Short answer is “it depends.” Copyrights (and patents) are exclusively the domain of the federal government and states are unable to pass laws regarding them. Hypothetically, states could pass laws regarding fraudulent use of Content ID type systems, but it seems like it would get dicey. States can hear cases involving copyright, for example, a breach of contract involving the sale of the rights to a song, but only as long as they’re not ruling on matters of copyright themselves. So, while a state could make fraudulent claims illegal, such a law would have limited use, because you couldn’t make a fair use argument or an argument on the basis of uncopyrightability, because the state court doesn’t have the authority to rule on those matters. Even in cases where the uploader clearly is not using any copyrighted material, the court would likely have little grounds on which to rule in their favor. Anything short of an outright confession that they knew in advance that there was no valid basis for a copyright claim would rely on the court making a judgment about the validity of the copyright, which they can’t do.

One possible way to strike back is a class action suit against major corporate offenders, but even that seems like it would run into some problems. The 9th Circuit has a subjective standard for “good faith” when dealing with DMCA claims, i.e., if the person making the copyright claim believed it to be valid, even if they were unreasonable or reckless in doing so, it’s still “good faith.” Hypothetically, if there is a demonstrated pattern of behavior (e.g. lawsuits, reversed copyright claims, etc) one could prove that the claimants were willfully blind, but that would be quite difficult.

Besides amending the DMCA, the ball is pretty much in Youtube’s court. Youtube could certainly sue people who break their TOS. They could also freeze payouts rather than automatically make them available to the claimants and they can reform their strikes system (e.g., they can’t legally refuse to honor takedown requests, even from a known wrongdoer, but they can limit strikes in whatever way they wish). Further, under the DMCA, if the accused files a counter notice and no lawsuit is filed by the accuser within ten to fourteen business days, the service provider “must” restore access/ replace the material taken down. I don’t know what Youtube’s terms of service are, and they may supersede the DMCA.

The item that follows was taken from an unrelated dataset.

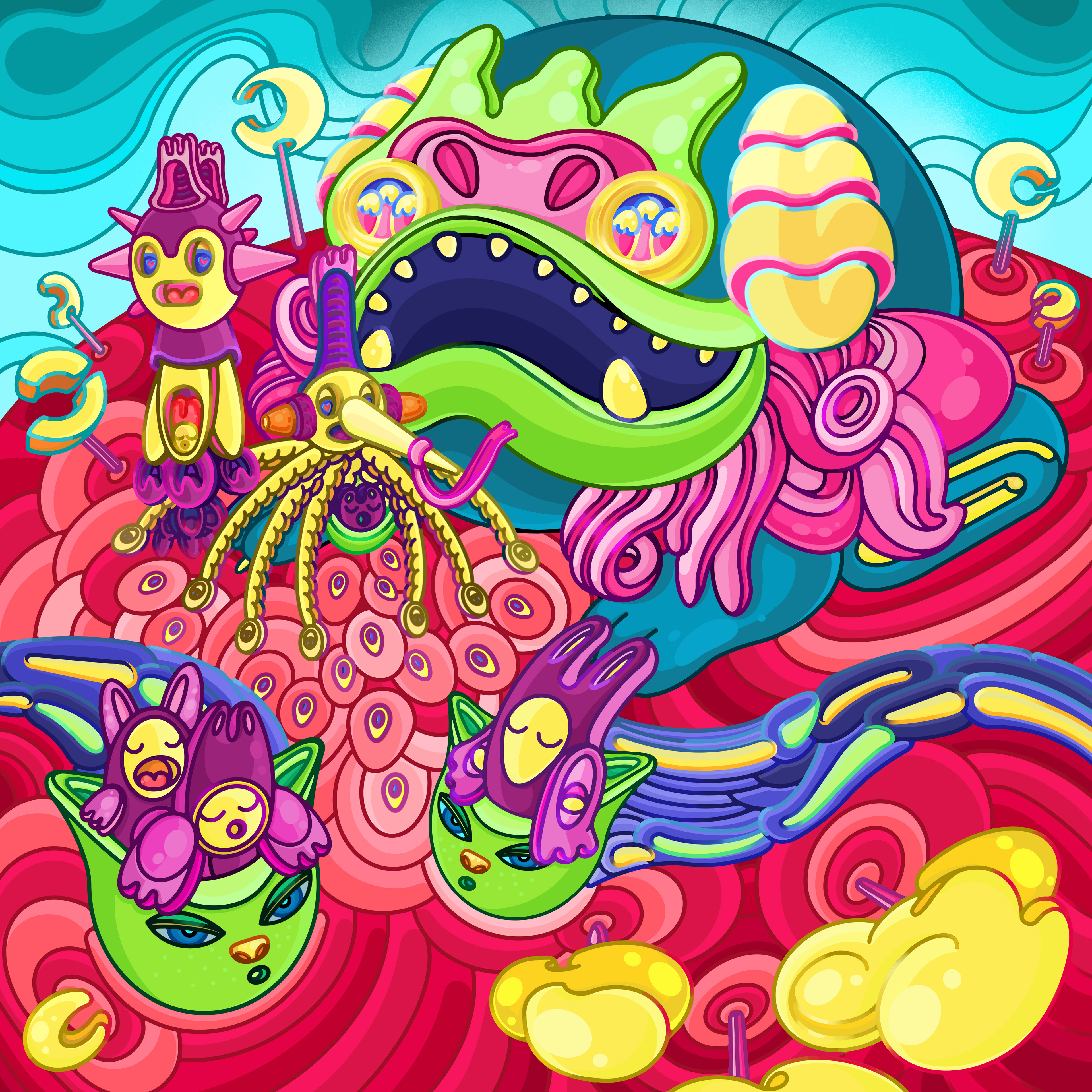 Illustration, CGI Hares ride in cat's boats on boundless rivers and seas, a toad with a bottomless mouth exhales air and cheerful lanterns circle around.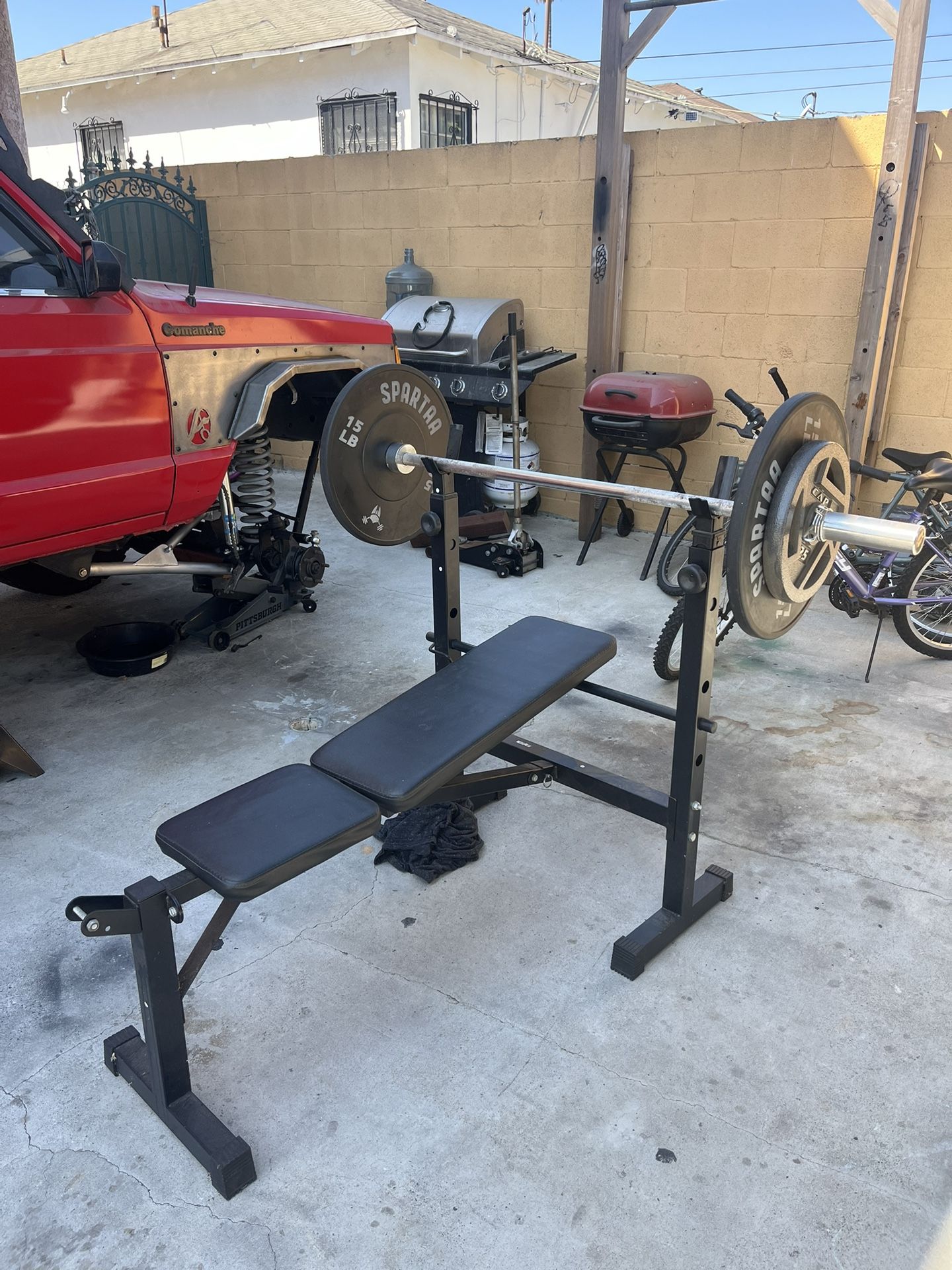 Perfectly operational bench press with light rust and good condition. It comes with the bar and 2 plates of 15 lb rubber and 2 plates of 25 lbs of steel Must go now!

Amending the DMCA is probably the best way solve a lot of these problems, mostly via creating balance between the accusers and the accused. E.g., the DMCA requires that an alleged infringer’s counter-notice include their full name, address, and phone number, whereas the accuser need only include an email address. Likewise, it includes a method for the accuser to subpoena the identity of the alleged infringer, but not the reverse. For individual crooks, it can be hard to prove perjury when you don’t even require them to ever give their name.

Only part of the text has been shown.